Cindy, does Faux News hire any female who isn’t cute and blonde?
Cindy, I agree, Rather crossed the great divide.
I think most of us are talking about TV journalism that makes it into our homes each day, like Cronkite did. Regardless of what they prefer to call themselves, the cable news stations have become MSM. I do think CNN gets a bum rap, mostly by those who prefer Fox. I think you have to watch both to even get it half right.
Our local news at 11 seems to me to be the most unbiased.
On CNN, I can’t say today which ones are. But a couple of years ago they were extermely slanted against the Iraq War, and some idiot on there (I forget who) made the statement that all US soldiers over there are participating in an illegal war, and basically are enemy invaders, etc. My system used to carry both Fox and CNN, and some high up general saw that piece, and forbid my satellite broadcast system to carry CNN anymore.
I just think they are just about as slanted as Fox, but that’s my own opinion. And, who can forget the time CNN had that funny advertisement for their attractive woman newscaster, that had the sound of a zipper unzipping in the background, and said something like “let’s wake up to XXX in the morning” (I forget her name). I think she came out against that ad and was appalled with it, and later on moved to Fox.

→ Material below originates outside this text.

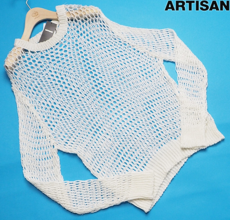 > 新品展示品定価3.6万円 ARTISAN アルチザン 日本製 麻100% 透かし編み クルーネックニットF白(01) 34KY04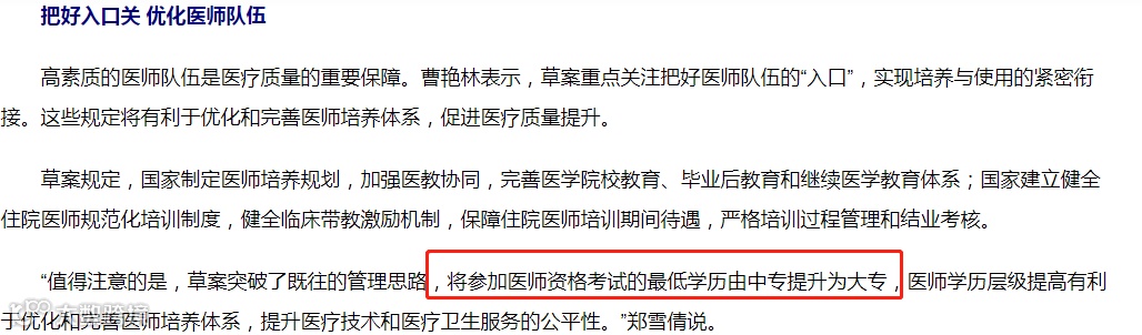 但按照修订后的草案来看,中专报考时代或将结束,大专成为最低报考门槛,参加医师资格考试的要求有了重大提升,对整个医师人才队伍将产生深远影响。

Anyway, there’s a flow of people back and forth between Fox and CNN, actually.
Also, CNN – whenever they report on a technical subject I’m familiar with, they get it spectacularly wrong. Finally, most soldiers just HATE CNN – as did the one I talked to last week at Robins AFB, GA – he says they purposely ignored facts – one of them tagged along with his unit and wouldn’t listen to any facts the soldiers related – and twisted things around 180 degrees.
I don’t think CNN is any better than Fox. Both have a slant and agenda, maybe CNN’s is more subtle. Someone I know calls them the “Confused News Network” – they often have really glaring (and funny) typos in their “crawl” across the bottom of the screen.

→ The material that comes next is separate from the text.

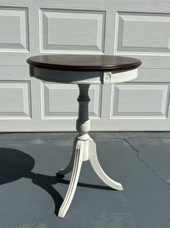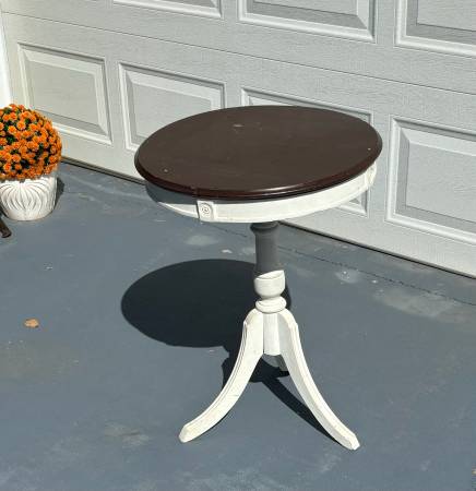 Round solid antique wood table (believe to be Walnut). Was partially painted and can be painted the color of your choice.
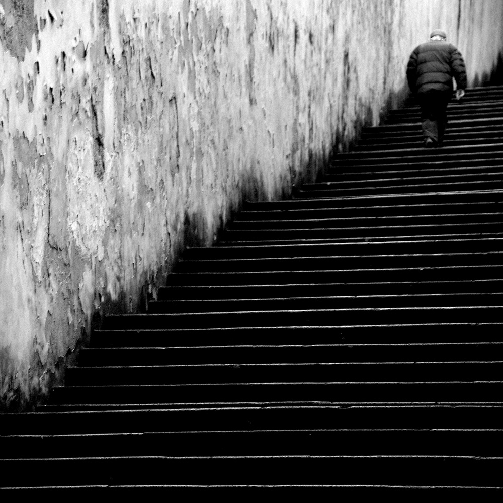 Racchiude bene in sè il senso della fatica di salire una lunga scalinata. Ma anche simbolicamente la parabola della nostra esistenza.

I do agree with MH’s comment that “you have to watch both Fox and CNN to even get the story half right”. That’s the best statement I’ve seen about the whole Fox/CNN debate in a long time, and I think hits the nail on the head.
I have to side with Emma – I thought her response was pretty good actually! She’s right – I’ve noticed a pattern of replies to her posts – so I believe as she says some people are just putting up knee-jerk responses to her posts just for the sake of argument.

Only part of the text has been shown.